The future of Reddit and First Look


Christian Rudder

OkCupid’s popular blog, OkTrends, is back after a three-year hiatus. Written by Christian Rudder, a co-founder of the dating website, the blog returns with a post mocking Facebook’s recent data-collection scandal—not making fun of Facebook, as you might think, but rather what Rudder considers the naive outrage of its users: “Guess what, everybody: if you use the Internet, you’re the subject of hundreds of experiments at any given time, on every site. That’s how websites work.” OkTrends, after all, is built on data gathered from OkCupid users. Rudder describes one experiment in which they gave people a faulty “match percentage” to see if they were more likely like each other when told by the app that they should. (They were.) Rudder has a book on data, Dataclysm: Who We Are (When We Think No One’s Looking), forthcoming from Crown in September.
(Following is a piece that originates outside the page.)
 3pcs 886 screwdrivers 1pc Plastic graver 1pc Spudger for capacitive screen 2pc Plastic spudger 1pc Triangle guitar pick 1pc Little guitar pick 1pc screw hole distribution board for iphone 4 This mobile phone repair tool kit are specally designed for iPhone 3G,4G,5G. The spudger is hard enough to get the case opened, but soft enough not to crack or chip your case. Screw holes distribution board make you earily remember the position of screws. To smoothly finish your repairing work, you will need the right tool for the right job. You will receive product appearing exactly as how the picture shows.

First Look owner Pierre Omidyar provides an “update” to readers. The nine-month-old media company has hired twenty-five journalists, and plans to hire twenty-five more by the end of the year. They’ll stay in the “planning, startup and experimental mode for at least the next few years,” Omidyar says.

Thirty-two thousand digital-only subscribers joined the Times in the second quarter of 2014, for a total of 831,000 online subscriptions.
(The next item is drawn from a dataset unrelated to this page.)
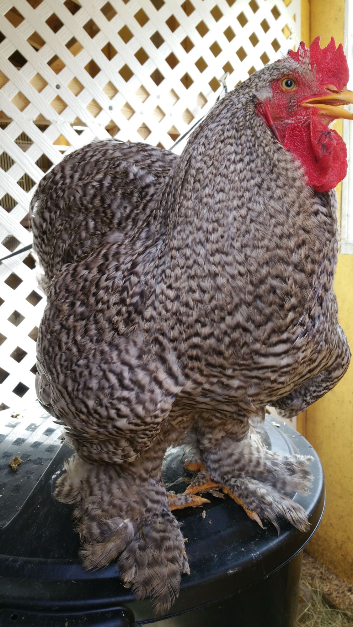 For type (breed characteristics) Tom's hen is a beautiful example of what a cochin should look like in size and shape. Color in barred cochins is hard to achieve and like Tom said they are coming around and in a couple more generations he should have good crisp barring. I currently have some F1 barred cochins (project) that are about 9 weeks old, all males and will be crossed back to black females this spring. The barreds are not common but are still in existence and breeders like Tom are working not only to keep them around but also up to the Standard description. Thanks Tom!

On the New Yorker’s Page-Turner blog, Abigail Deutsch investigates the origins of a mysterious unsigned poem on a sign in Manhattan’s Fort Tryon Park. And editors provide a roundup of New Yorker stories about New York, including one by John Cheever. The magazine’s entire archive is temporarily free online, and will likely remain that way into the fall.

Christopher Kempf considers Amtrak’s attempt to rebrand with an artist’s residency: “Amtrak’s conception of writers’ work . . . remains just as romanticized as the ideal of rail travel it’s attempting to promote.”